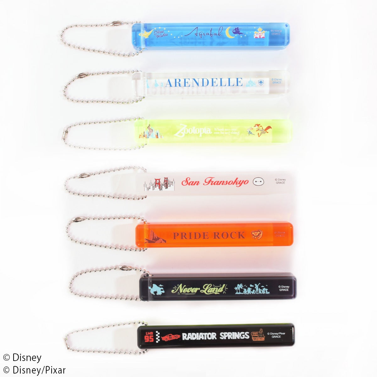 今回は、ディズニー作品に登場する街や都市名をデザインしたTシャツ、キーホルダーを発売する。
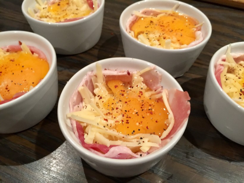Vispa i hop ägg, grädde, salt & peppar. Smält smöret i en liten teflonpanna på medelvärme och häll i äggsmeten. Rör lite då och då med en slev och lägg sedan på ett lock som täcker pannan när omeletten börjar stelna. När den nästan är klar så häll på ost, skinka och tomater. vik i hop och låt ligga en stund på eftervärmen så osten smälter och omeletten stelnat helt.
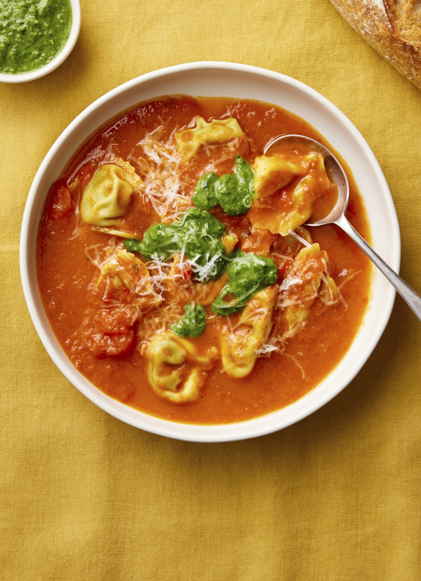 Roasted Tomato and Capsicum Soup with Spinach Tortellini
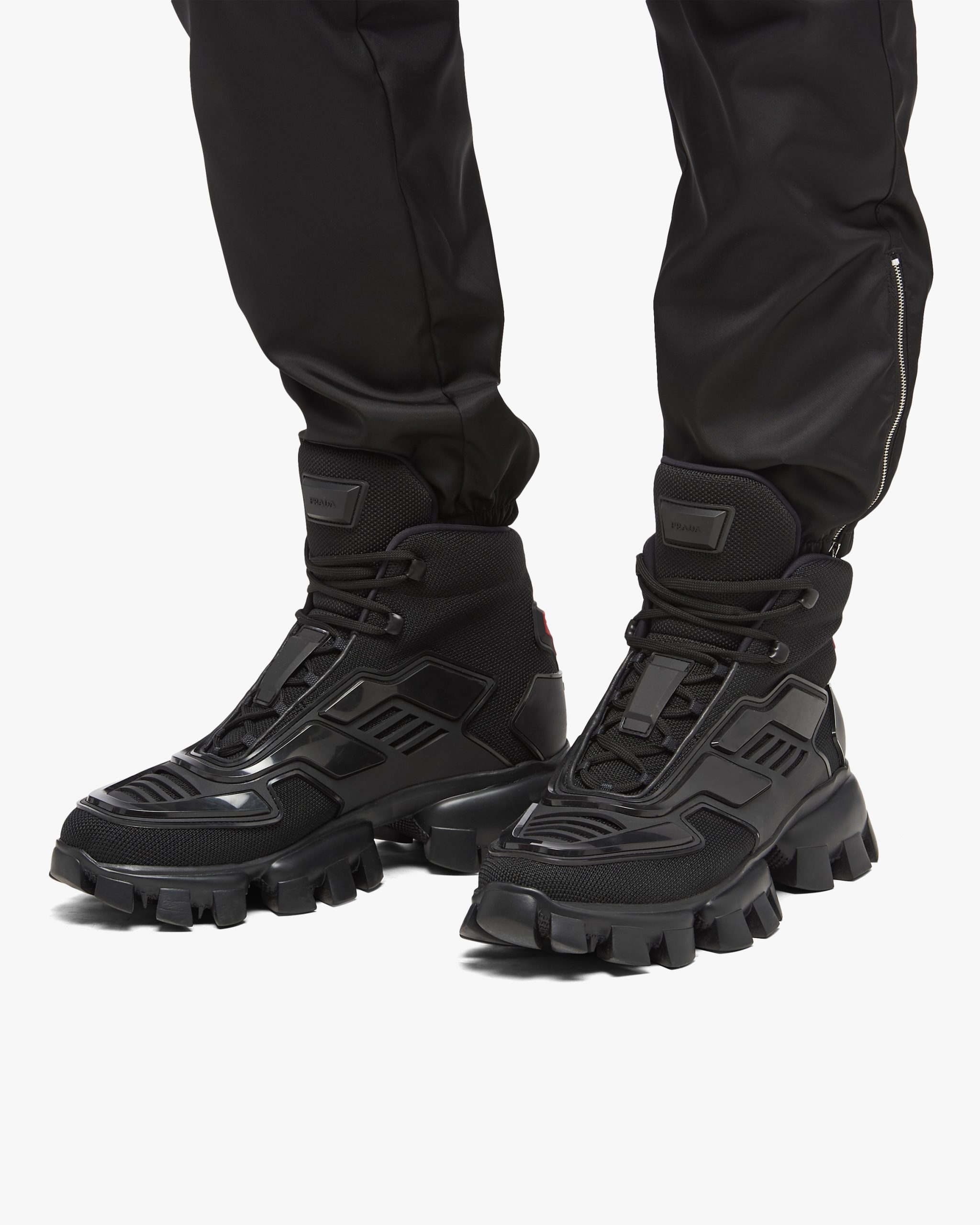 These Cloudbust Thunder sneakers, one of Prada’s iconic styles, have a complex, sculptural design. The knit fabric shoe is characterized by the voluminous light rubber sole animated by a three-dimensional design.
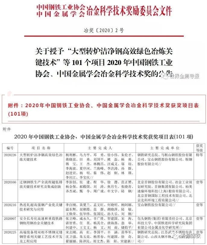 近日,中國(guó)鋼鐵工業(yè)協(xié)會(huì)、中國(guó)金屬學(xué)會(huì)發(fā)布《關(guān)于授予“大型轉(zhuǎn)爐潔凈鋼高效綠色冶煉關(guān)鍵技術(shù)”等101個(gè)項(xiàng)目2020年中國(guó)鋼鐵工業(yè)協(xié)會(huì)、中國(guó)金屬學(xué)會(huì)冶金科學(xué)技術(shù)獎(jiǎng)的公告》(下簡(jiǎn)稱:《公告》),《公告》稱,按照《中國(guó)鋼鐵工業(yè)協(xié)會(huì)、中國(guó)金屬學(xué)會(huì)冶金科學(xué)技術(shù)獎(jiǎng)獎(jiǎng)勵(lì)條例》及其《實(shí)施細(xì)則》規(guī)定,經(jīng)嚴(yán)格評(píng)審,冶金科學(xué)技術(shù)獎(jiǎng)獎(jiǎng)勵(lì)委員會(huì)決定對(duì)101個(gè)項(xiàng)目授予2020年中國(guó)鋼鐵工業(yè)協(xié)會(huì)、中國(guó)金屬學(xué)會(huì)冶金科學(xué)技術(shù)獎(jiǎng)。
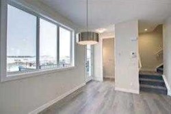 END UNIT, SIDE ENTRY TO BASEMENT. , IMMEDIATE POSSESSION, DOUBLE DETACHED GARAGE, DECK, FENCED AND LANDSCAPED, NO CONDO FEES. PICTURES ARE OF SAME MODEL, NOT SUBJECT PROPERTY. Welcome to the "St. Andrews" townhome, by Award winning, Master Builder, Douglas Homes Ltd. From the front covered porch, the entry opens onto the spacious great room with 9ft ceiling and gleaming hardwood floors throughout the main floor. The aspiring chef will appreciate the well planned "island" kitchen. From the upgraded 42 inch, soft close cabinets, to the gorgeous quartz countertops, everything is within easy reach. The sparkling stainless steel fridge, the glass top, self cleaning electric range, dishwasher, and over the range microwave/hoodfan are all just an arms length from the kitchen sink. Opposite side of the island, provides a convenient pantry, and desk with upper cabinet for all those recipe books you will collect. The spacious dining area features a large picture window looking out upon the back yard with room for the kids to play, with a rear entry door to the deck for those summer bbq's. Here also is a 2pc powder room for your guests convenience, and perhaps the kids hurried need. Upstairs includes 2 good sized secondary bedrooms, a 4pce bathroom with quartz vanity and tile floors, a convenient upstairs laundry, and a spacious primary bedroom with large upsized window and ensuite bath, with walk in shower, with glass front, tile floor and again a quartz vanity. The full basement provides rough in plumbing for a future bath, one window for future bedroom, and enough space remaining for a spacious future family room if you decide your family needs room to spread. All this in the desirable new subdivision Cobblestone Creek, with tennis courts, playgrounds, future school reserve, pathways and numerous green spaces, on the western edge of Airdrie, with wide open country side, and views to the west.Directions:

◆ ◆ ◆ ◆ ◆

In your copy, include no pictures, but set down every record exactly.

 今回は、ディズニー作品に登場する街や都市名をデザインしたTシャツ、キーホルダーを発売する。
Vispa i hop ägg, grädde, salt & peppar. Smält smöret i en liten teflonpanna på medelvärme och häll i äggsmeten. Rör lite då och då med en slev och lägg sedan på ett lock som täcker pannan när omeletten börjar stelna. När den nästan är klar så häll på ost, skinka och tomater. vik i hop och låt ligga en stund på eftervärmen så osten smälter och omeletten stelnat helt.
 Roasted Tomato and Capsicum Soup with Spinach Tortellini
 These Cloudbust Thunder sneakers, one of Prada’s iconic styles, have a complex, sculptural design. The knit fabric shoe is characterized by the voluminous light rubber sole animated by a three-dimensional design.
 近日,中國(guó)鋼鐵工業(yè)協(xié)會(huì)、中國(guó)金屬學(xué)會(huì)發(fā)布《關(guān)于授予“大型轉(zhuǎn)爐潔凈鋼高效綠色冶煉關(guān)鍵技術(shù)”等101個(gè)項(xiàng)目2020年中國(guó)鋼鐵工業(yè)協(xié)會(huì)、中國(guó)金屬學(xué)會(huì)冶金科學(xué)技術(shù)獎(jiǎng)的公告》(下簡(jiǎn)稱:《公告》),《公告》稱,按照《中國(guó)鋼鐵工業(yè)協(xié)會(huì)、中國(guó)金屬學(xué)會(huì)冶金科學(xué)技術(shù)獎(jiǎng)獎(jiǎng)勵(lì)條例》及其《實(shí)施細(xì)則》規(guī)定,經(jīng)嚴(yán)格評(píng)審,冶金科學(xué)技術(shù)獎(jiǎng)獎(jiǎng)勵(lì)委員會(huì)決定對(duì)101個(gè)項(xiàng)目授予2020年中國(guó)鋼鐵工業(yè)協(xié)會(huì)、中國(guó)金屬學(xué)會(huì)冶金科學(xué)技術(shù)獎(jiǎng)。
 END UNIT, SIDE ENTRY TO BASEMENT. , IMMEDIATE POSSESSION, DOUBLE DETACHED GARAGE, DECK, FENCED AND LANDSCAPED, NO CONDO FEES. PICTURES ARE OF SAME MODEL, NOT SUBJECT PROPERTY. Welcome to the "St. Andrews" townhome, by Award winning, Master Builder, Douglas Homes Ltd. From the front covered porch, the entry opens onto the spacious great room with 9ft ceiling and gleaming hardwood floors throughout the main floor. The aspiring chef will appreciate the well planned "island" kitchen. From the upgraded 42 inch, soft close cabinets, to the gorgeous quartz countertops, everything is within easy reach. The sparkling stainless steel fridge, the glass top, self cleaning electric range, dishwasher, and over the range microwave/hoodfan are all just an arms length from the kitchen sink. Opposite side of the island, provides a convenient pantry, and desk with upper cabinet for all those recipe books you will collect. The spacious dining area features a large picture window looking out upon the back yard with room for the kids to play, with a rear entry door to the deck for those summer bbq's. Here also is a 2pc powder room for your guests convenience, and perhaps the kids hurried need. Upstairs includes 2 good sized secondary bedrooms, a 4pce bathroom with quartz vanity and tile floors, a convenient upstairs laundry, and a spacious primary bedroom with large upsized window and ensuite bath, with walk in shower, with glass front, tile floor and again a quartz vanity. The full basement provides rough in plumbing for a future bath, one window for future bedroom, and enough space remaining for a spacious future family room if you decide your family needs room to spread. All this in the desirable new subdivision Cobblestone Creek, with tennis courts, playgrounds, future school reserve, pathways and numerous green spaces, on the western edge of Airdrie, with wide open country side, and views to the west.Directions:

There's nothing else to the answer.